A simple urine test for human papillomavirus (HPV) could offer a more acceptable, non-invasive alternative to the conventional cervical test and improve screening uptake,according to a study in the British medical journal the bmj.com.
Human papillomavirus (HPV) is one of the most common sexually transmitted infections.
Up to 80% of sexually active women are infected at some point in their lives and infection with specific “high risk” strains of HPV has an established link to cervical cancer.
Current screening by smear test is invasive and time-consuming. In recent years, cervical screening in the UK has fallen below 80%, particularly among women aged 25-30.
In Australia, recent research found the introduction of the Australian-developed HPV vaccine saw a sharp drop in pap smears among young Australian women who receive the vaccination.
A team of researchers based in London and Spain analysed the results of 14 studies involving 1,443 women to determine the accuracy of testing on urine samples compared with cervical samples obtained by a doctor.
Urine HPV testing had an overall sensitivity of 87%, the proportion of positives correctly identified.
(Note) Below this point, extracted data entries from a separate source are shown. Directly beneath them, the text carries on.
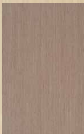
F3 - ΩΡΥΣ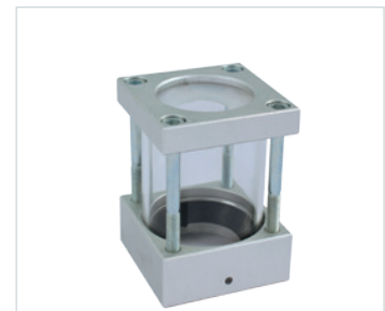
Zubehör: Transparente Sprühkammer Art. Nummer 531P101800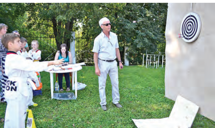
И взрослые, и дети попробовали свои силы в дартсе. Оказалось, что меткость от возраста не зависит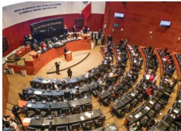
PERIODO. Este martes se llevó a cabo la sesión ordinaria en la Cámara alta.

Por otro lado y pese a que en México se registran en promedio 44 muertes diarias a causa de accidentes viales, el Senado aprobó la nueva Ley General de Movilidad y Seguridad Vial que no contempla la regulación o prohibición de los tráileres doble remolque y tampoco establece la obligatoriedad de que todos los conductores y vehículos cuenten con un seguro de responsabilidad civil.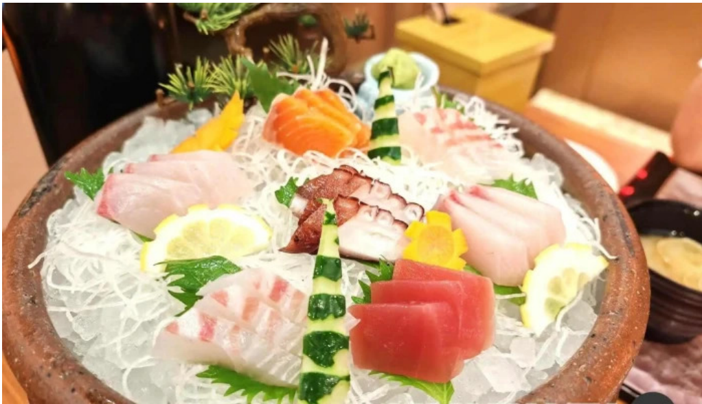
和食乃さんる一ぷ 刺身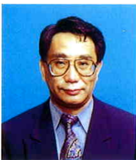
(なごやメンタルクリニック院長、 心療内科・神経科 赤坂クリニック 理事長)

者、臨床医、研究者がどの ように協力し、活動してい るかまた不安症の診療上の 問題点を講演しました。わ たしは、日本でもA D A A のような会の必要性を感じ ていました。既に名古屋で は六月十五日、恐怖症患 者・家族の会「アグラ会」 が第三回を迎えます。七月 十三日には東京で不安の医 学 第二回都民講演会「テ ーマ パニック障害」の講 演会終了後患者・家族の討 論会が開かれる予定です。 これらの会がどんどん育ち A D A Aに優るとも劣らな い活動を繰り広げ、不安症 に悩む患者さん達の治癒へ の道しるべとなることを期 待しています。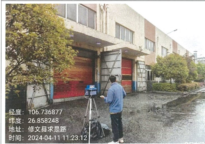
A 区大门 G7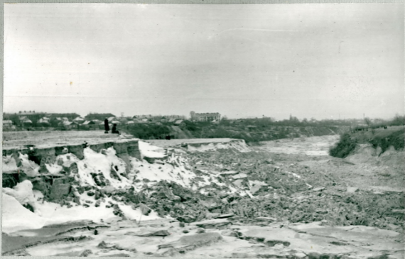
Рис.10 Левобережный откос зоны выноса на участках № 1 и № 2. На заднем плане слева видны остатки участков № 1 и № 2.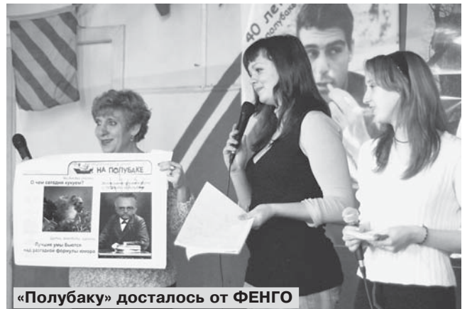
«Полубаке» досталось от ФЕНГО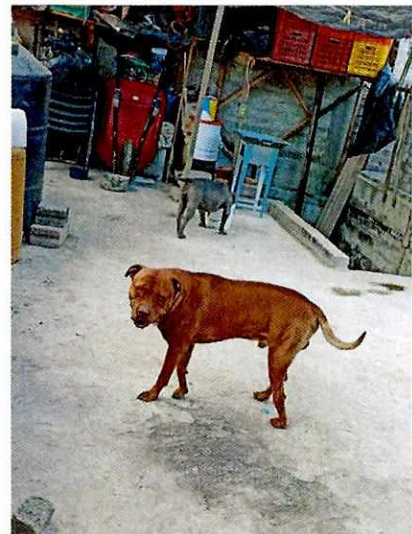
Imagen 2. Ejemplar canino de nombre "Toto"

En virtud de lo antes expuesto, esta Entidad considera procedente emitir la presente resolución, de conformidad con el artículo 27 fracción VI de la Ley Orgánica de esta Procuraduría, por imposibilidad legal, al no constatar irregularidades en materia de bienestar animal.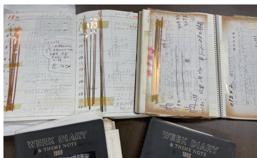
加工の知見が詰まっている加工ノート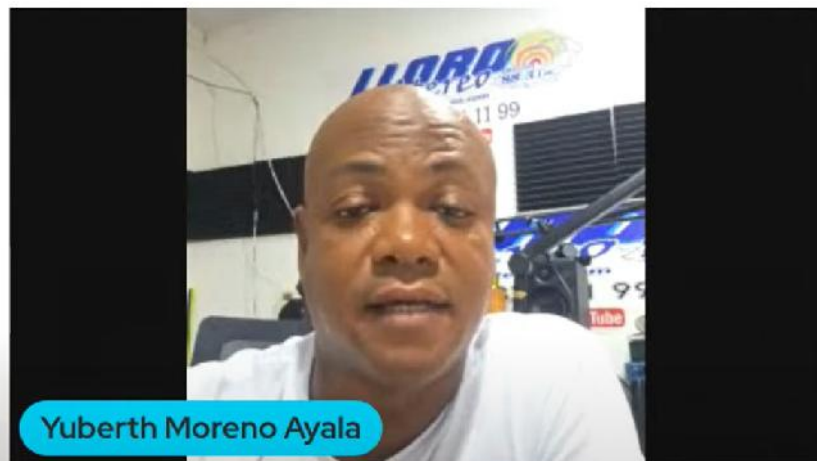
Conversatorio Territorios al Aire 2025. Red Barule

La Corporación Telescopio de Papel, que hace parte de esta estrategia, culminó su proceso de pasantía en el marco del evento Luminiscencias: Formación audiovisual para mujeres ; en el que los pasantes de tres colectivos de comunicación compartieron sus experiencias en comunicación comunitaria, participaron en talleres prácticos de creación audiovisual y en espacios de co-creación metodológica para fortalecer la Red de Comunicación para la Vida.

“The detection of HPV in urine is non-invasive, easily accessible, and acceptable to women, and a test with these qualities could considerably increase uptake,” say the authors.
The researchers call for further studies.
In an accompanying editorial, researchers at the University of Manchester say urine testing for HPV is a promising screening option which deserves further evaluation.
In well resourced health systems, they suggest self sampling “could be used for women who are reluctant to attend for regular cervical screening”.